First, he and his wife Clo couldn’t find anything else out there that they liked. Then they couldn’t find a builder and a designer who understood where they were coming from. Even Cohen’s favourite interior designers, an LA firm that had worked with this American property developer on projects all over the US but never before on a yacht, didn’t get it. “We hated it,” Cohen says of their original concept. “We threw it back at them and we made them do it better.”

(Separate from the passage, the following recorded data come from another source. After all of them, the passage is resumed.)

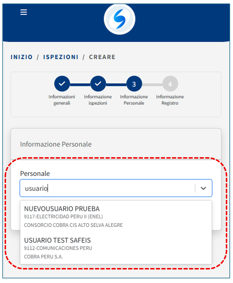3) Quando inserisci il personale che stai ispezionando, la prima persona aggiunta apparirà come Responsabile dell’ispezione.
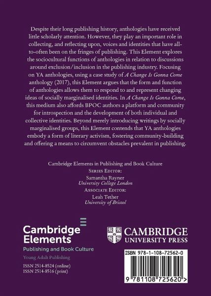 Anthologies have received little scholarly attention. However, they play an important role in collecting, and reflecting upon, voices and identities that have often been on the fringes of publishing. This Element explores the sociocultural functions of anthologies in relation to discussions around exclusion/inclusion in the publishing industry.
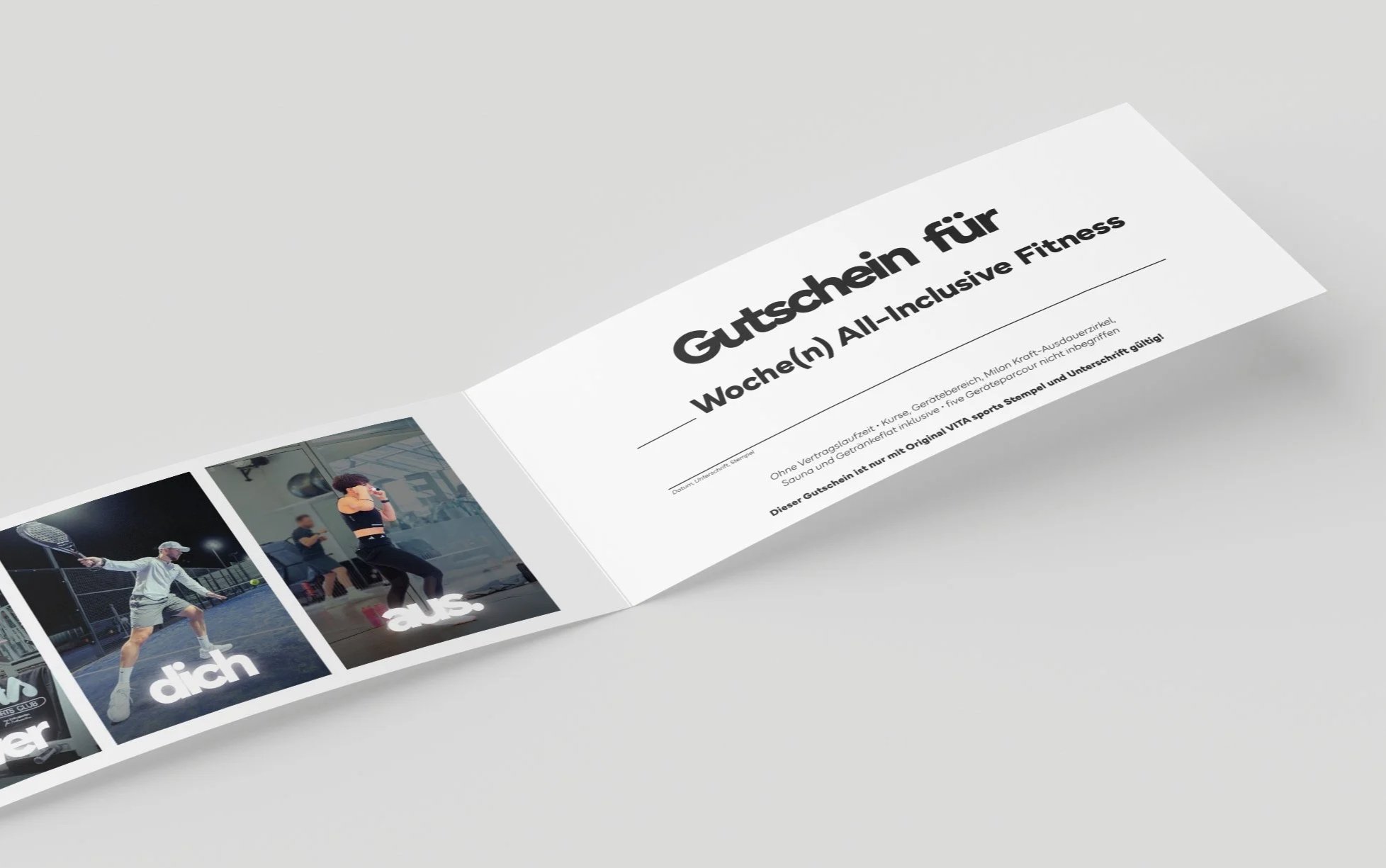 Durch die Kombination einer minimalistischen, schwarzen Außenseite, die Wertigkeit signalisiert, und einer dynamischen Innenseite, die das "Power. dich aus."-Motto des Vita Sports Clubs visualisiert, wird das Werbemittel zu einem hochwertigen Touchpoint. Die Gestaltung legt Wert auf eine klare Typografie, eine ausbalancierte Komposition und konsistente visuelle Sprache, die die Markenbotschaft effektiv kommuniziert.
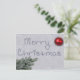 "Frohe Weihnachten" geschrieben im Schnee mit einem dekorativen roten Weihnachtsbaumball und einem schneebedeckten Tannenarm.

Six years of this would be too much for many would-be owners. But this is what Cohen does, for a living and for a life. As owner, president and CEO of Manhattan-based Cohen Brothers Realty Corporation, he is responsible for 1.1 million square metres of office buildings and design centres from New York to Hollywood – and he signs off every contract and every cheque himself. Talking to him, you get the impression he’s in charge of colour charts and paint brushes, too. “It always takes me a long time but that way I cover everything that I think we need to do. I like to immerse myself in the details, and that’s the thrill of it.”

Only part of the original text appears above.